Bringing benefit to communities from Naknek to Petersburg, the board authorized more than $6 million in grants to Alaska nonprofits, tribal organizations and local governments and $4.6 million to support investments in arts and other initiatives.

The entire list of just-approved grants and programs is available here.

A $450,000 grant to the Mat-Su Borough will support a new library and upgraded community center in Willow. The Sun’aq Tribe of Kodiak is getting help with expanding its primary tribal enterprise, the WildSource seafood processing facility, with a $375,000 award. Anchorage Community Land Trust is receiving $350,000 over four years to support a program that benefits entrepreneurs (Set Up Shop), and Cook Inlet Lending Center Inc. is receiving nearly $1 million between a grant and loan to provide capital for small business lending including Set Up Shop entrepreneurs.

A worker processes sea cucumbers in 2019 at the WildSource seafood processing facility owned and operated by the Sun’aq Tribe of Kodiak. The Foundation awarded a $375,000 grant in 2019 to help the tribe rebuild and expand the facility.

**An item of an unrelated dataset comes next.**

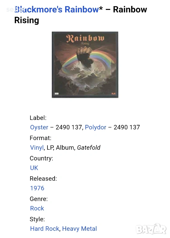 Blackmore's Rainbow ‎– Rainbow Rising Издание 🇬🇧 UK 1976г -GATEFOLD Състояние на винила:VG+ Състоя → Обява 53083721

“These projects have real impact on individual lives and on communities,” said Rasmuson Foundation President and CEO Diane Kaplan. “The Church of Love in Spenard, for instance, is a place where a community becomes stronger through art and creativity, and we are supporting a major remodel of that building, owned by Cook Inlet Housing Authority. Concerts, art shows and art camps all happen there. Artists and small business people rent space there. One tenant is a chocolate maker who graduated from Set Up Shop.”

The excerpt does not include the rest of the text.